Sorted and Clustered Tables

A Yellowbrick table may be sorted on one column or clustered on multiple columns (up to four). You cannot specify a sort column and cluster columns on the same table. After specifying one of these options, you cannot change the specification without dropping and re-creating the table.

A table that is sorted on one column facilitates the skipping of blocks when tables are scanned and the sorted column is restricted in the query.

A table that is clustered on multiple columns facilitates the skipping of blocks when tables are scanned and two or more cluster columns are restricted in the query.

You cannot sort or cluster on encrypted columns.

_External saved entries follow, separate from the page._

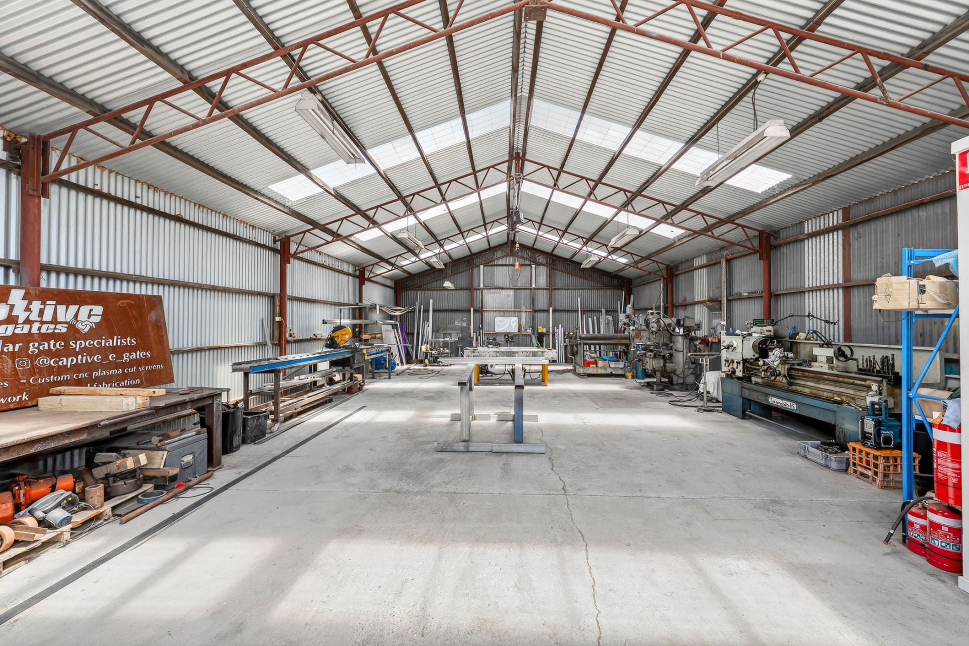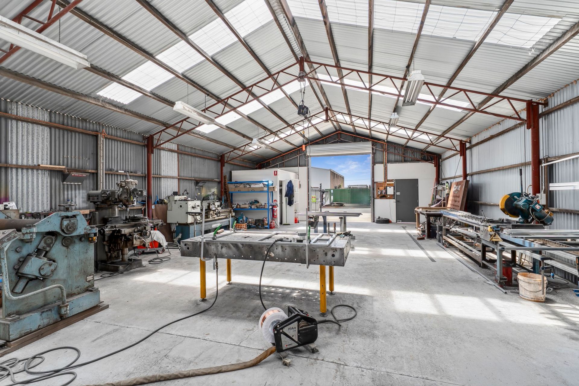 The property includes a full-height roller door, secure gated hardstand, and on-site amenities comprising a kitchenette and toilet. The layout and improvements are functional and efficient, well suited to trade-based users and industrial occupiers seeking a practical, low-maintenance facility.
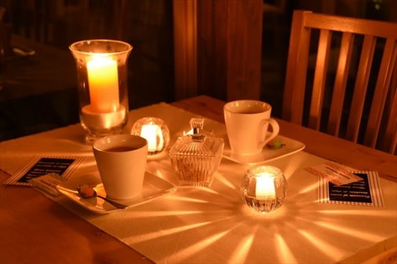 キャンドルを使いリラックスした空間でお食事をしますと、和み、会話が弾む効果もあります。
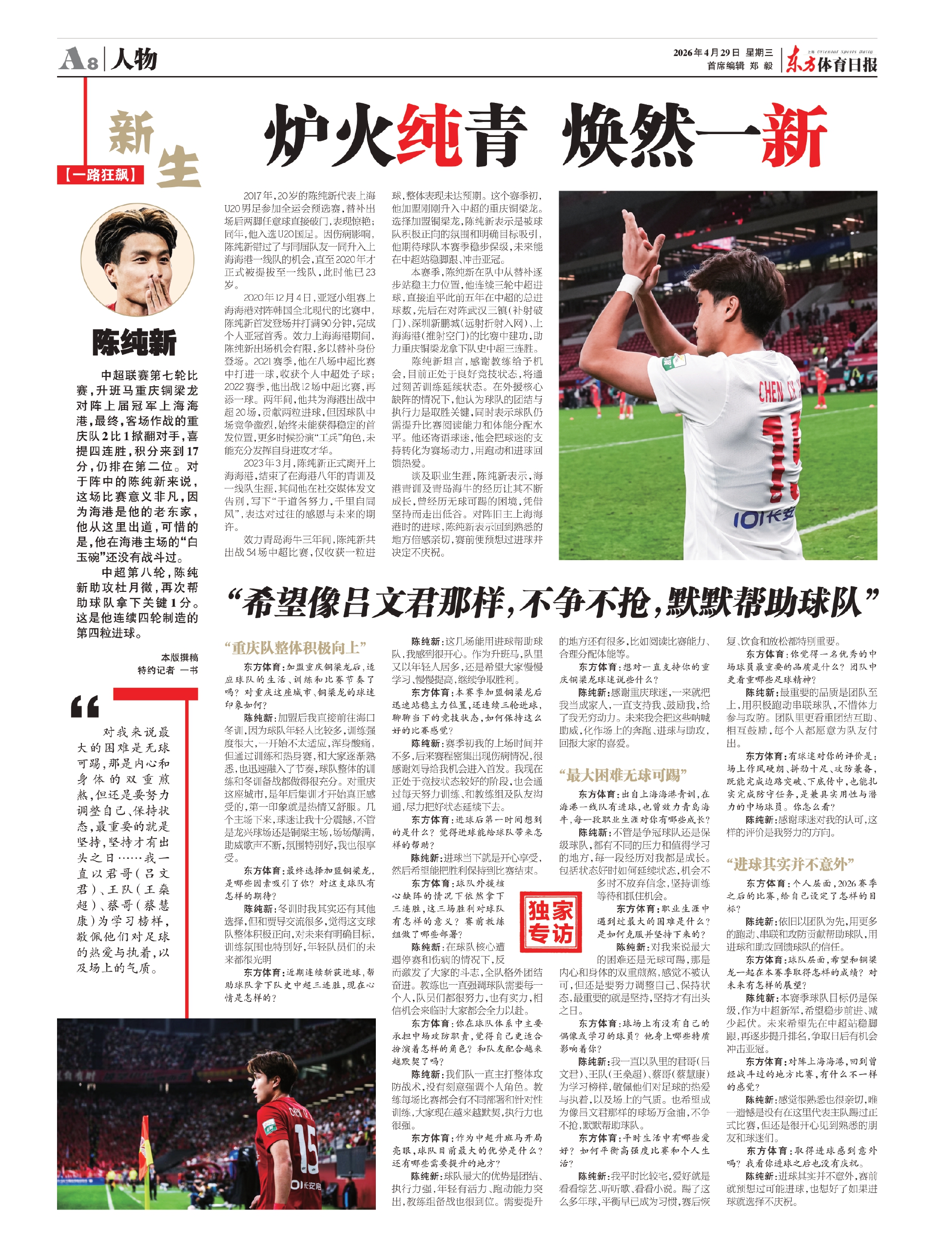 效力青岛海牛三年间,陈纯新共出战54场中超比赛,仅收获一粒进球,整体表现未达预期。这个赛季初,他加盟刚刚升入中超的重庆铜梁龙。选择加盟铜梁龙,陈纯新表示是被球队积极正向的氛围和明确目标吸引,他期待球队本赛季稳步保级,未来能在中超站稳脚跟、冲击亚冠。
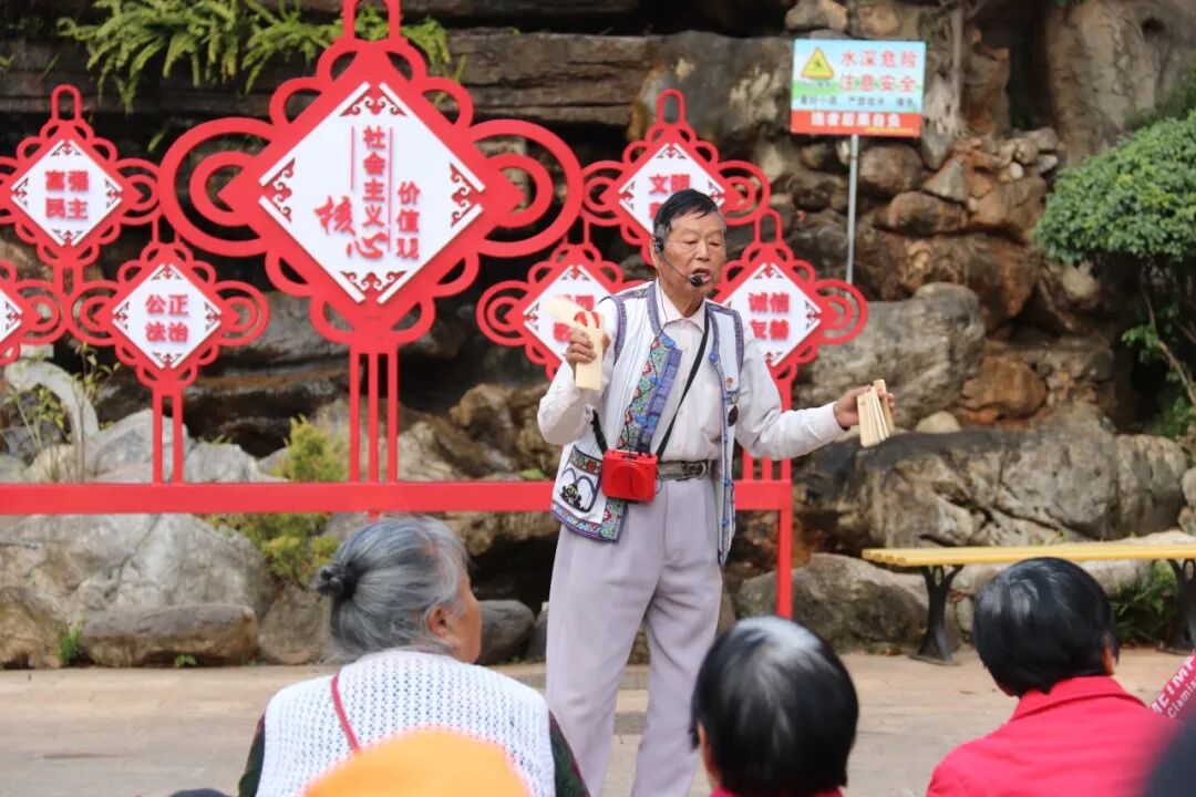作为“红河好人”和退休老党员,金六斤始终坚守初心使命,退休不褪色,积极投身理论宣讲志愿服务。他表示:“希望通过快板这种群众喜爱的文艺形式,把党的好政策、好理论讲清楚、讲明白,让群众真正听得懂、能领会、可落实。”此次宣讲中,他还结合泸西县本地发展实际和社区居民的生活变化,用身边事诠释大政策,让宣讲更具针对性和感染力,切实增强了群众对党的创新理论的认同感和归属感。
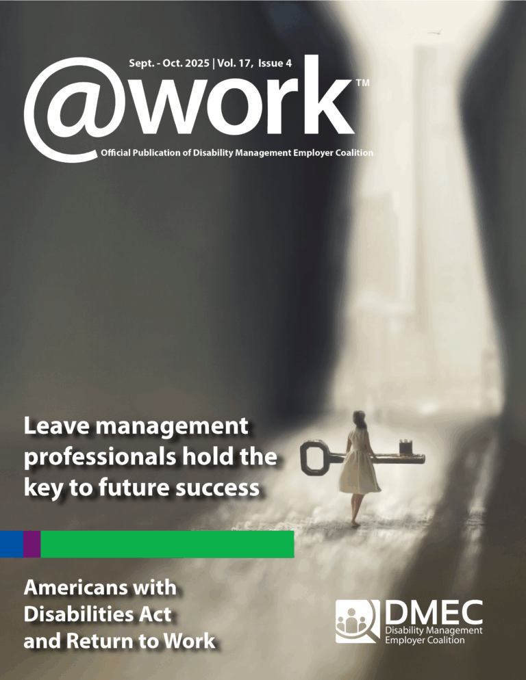 Employers hold the key to designing benefit plan and policy designs that support employees and ensure compliance with an increasing number of local, state, and federal laws. And the need to open doors to new program possibilities that help support employee health and wellness as well as recruit and retain an increasingly diverse workforce is emphasized in this issue of DMEC @Work magazine. It is time to rethink approaches, test benefits that protect and support employee health, and reassess accommodation programs to ensure that practical realities align with organizational intent. This issue of @Work magazine focuses on the Americans with Disabilities Act and Return to Work. The magazine is a DMEC member benefit that helps unlock possibilities for employers of all industries and sizes.
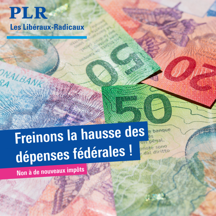 Le groupe PLR soutient les propositions du Conseil fédéral pour limiter la hausse continue des dépenses fédérales. En outre, le PLR s'oppose à de nouveaux impôts et de nouvelles taxes.
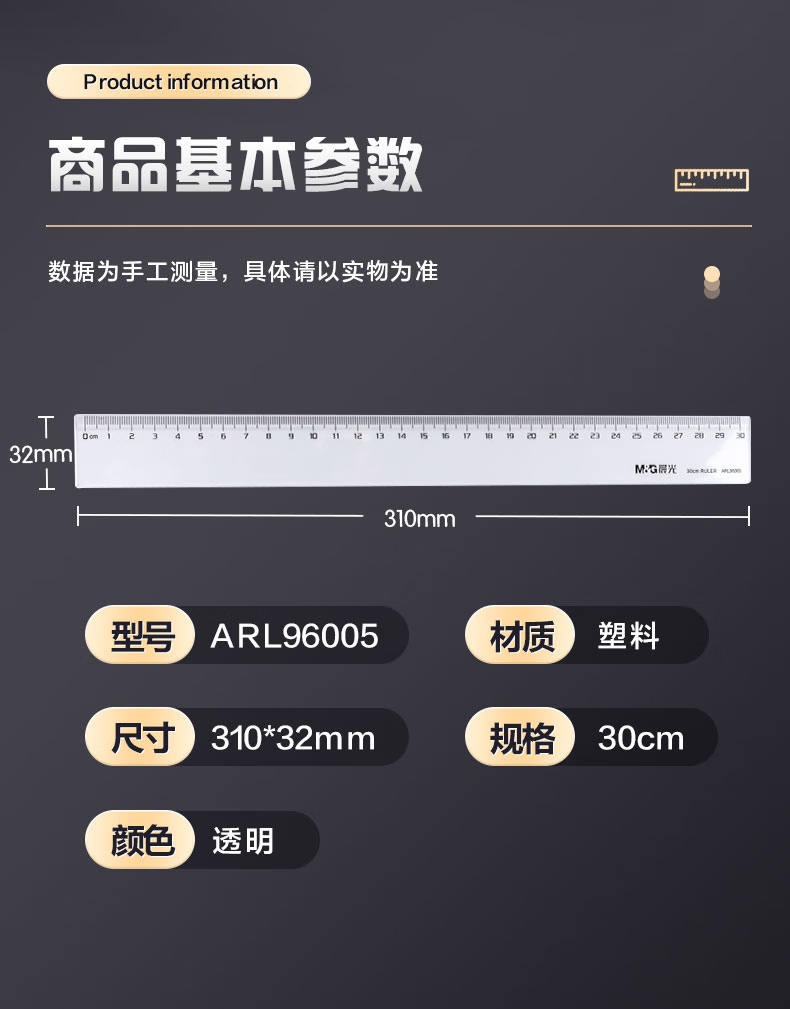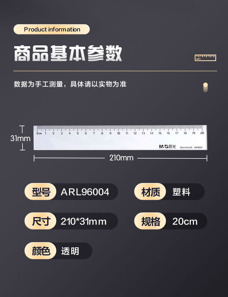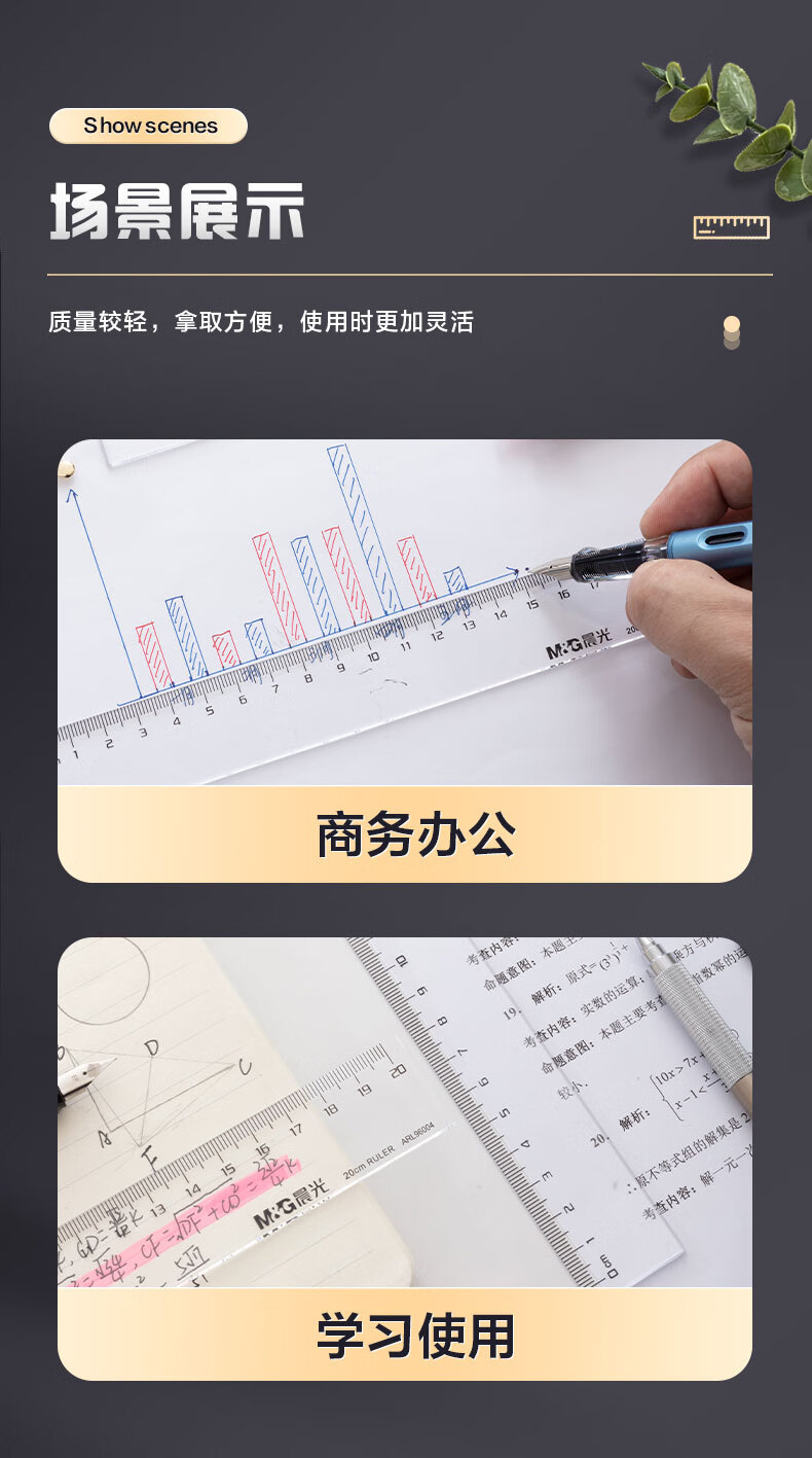 【30把装】晨光直尺办公透明尺子小学生文具考试专用中考高考刻度尺 20cm/30cm ARL96004/ARL96005

Note: Capacity expansion (adding blades to the cluster) results in table rows being rewritten and redistributed on the storage system. If any manual ordering was applied to the data before the expansion, there is no guarantee that the data will remain sorted in that order. In turn any query performance advantage associated with that order will be lost (such as skipping blocks during scans).

Sort Column

You can define a sort column for a Yellowbrick table. The SORT ON (column) clause names a single column to sort on before data is stored on the media. For example:
create table team
(teamid smallint, htid smallint, atid smallint, name varchar(30), nickname varchar(20), city varchar(20), stadium varchar(50), capacity int) 
distribute on (teamid)
sort on (city);

Clustered Tables

You can define up to four cluster columns for a Yellowbrick table. The CLUSTER ON (column, column, ...) clause names multiple columns to cluster on before data is stored on the media. For example:
create table team
(teamid smallint, htid smallint, atid smallint, name varchar(30), nickname varchar(20), city varchar(20), stadium varchar(50), capacity int) 
distribute on (teamid)
cluster on (name, nickname, city);

A clustered table maintains an internal map that organizes data as a set of points across the dimensions that are defined as cluster columns. This map optimizes query performance because the optimizer can skip the blocks of data that do not qualify for multiple restrictions. One pass over the data is sufficient to find the intersection of rows that meet the WHERE clause criteria, and a large amount of data in the base table can be eliminated very early in the query plan.

Note: Capacity expansion results in table rows being rewritten and redistributed on the storage system. If any manual ordering was applied to the data before the expansion, there is no guarantee that the data will remain sorted in that order. In turn any query performance advantage associated with that order will be lost.

When doing capacity expansion, we order the shards by the timestamps they were loaded and rewrite a batch (~8 shards to maximize drives b/w) at a time trying to preserve data temporal locality.

However, for rows within those batch of shards, their ordering in the newly rewritten shards will be random as we select from those shards in parallel. In the case of TM, they also need ordering on the org_id column which is done by resorting data by org_id at the end of each day. That ordering will likely be lost in the rewrite process if there are multiple unique org_ids in a batch of shards to rewrite. As a result, a given org_id will be scattered in multiple shards after rewrite which reduces skipping efficiency.

The restoring at the end of each day is user imposed ordering which is unknown to the YB system. YBD supports user define ordering in table DDL by using "SORT ON" and "PARTITION BY".